Task: Omit any picture, and return the remaining data exactly as written.

Information supplied:
####################
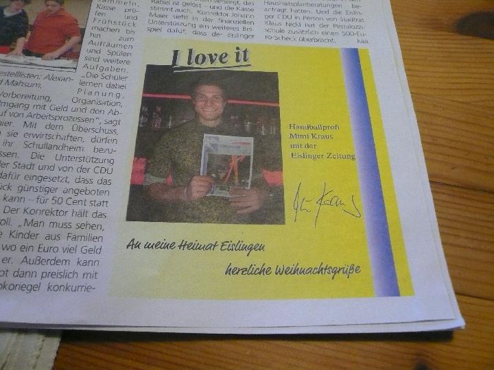 Unser Handball-Held aus Eislingen, Mimi Kraus scheint noch nichts von der einzig echten Eislinger Plattform gehört zu haben .... Mimi Kraus wünscht Frohe Weihnachten - in der EZ |
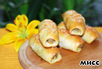 Тесто раскатать длинным пластом шириной в 10 см. Разрезать на 8 квадратов.
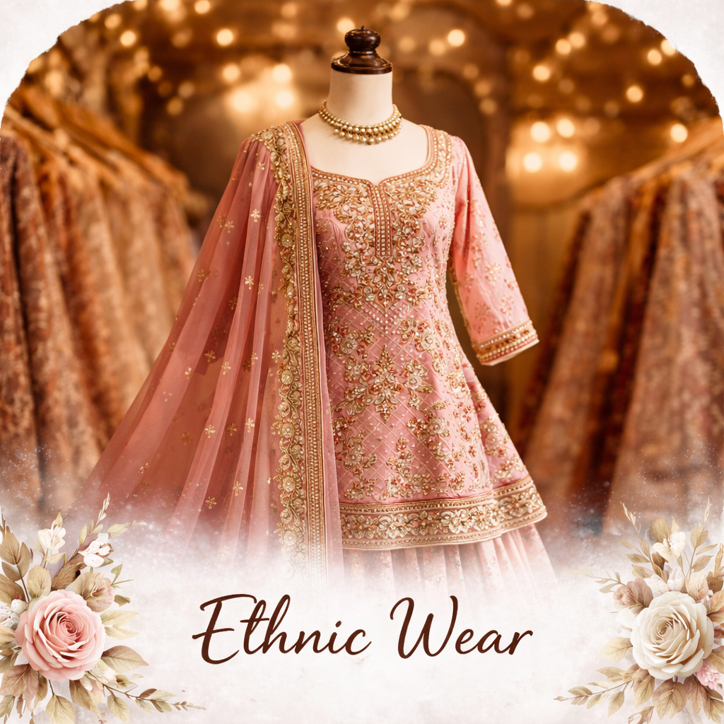 Discover timeless ethnic styles crafted to reflect tradition with a modern touch. From beautifully designed ghararas and suits to elegant festive ensembles, our ethnic collection blends heritage craftsmanship with refined detailing. Perfect for celebrations, gatherings, and special occasions, each piece is thoughtfully curated to enhance grace and confidence.
####################
Solution for this exercise:
 Unser Handball-Held aus Eislingen, Mimi Kraus scheint noch nichts von der einzig echten Eislinger Plattform gehört zu haben .... Mimi Kraus wünscht Frohe Weihnachten - in der EZ |
 Тесто раскатать длинным пластом шириной в 10 см. Разрезать на 8 квадратов.
 Discover timeless ethnic styles crafted to reflect tradition with a modern touch. From beautifully designed ghararas and suits to elegant festive ensembles, our ethnic collection blends heritage craftsmanship with refined detailing. Perfect for celebrations, gatherings, and special occasions, each piece is thoughtfully curated to enhance grace and confidence.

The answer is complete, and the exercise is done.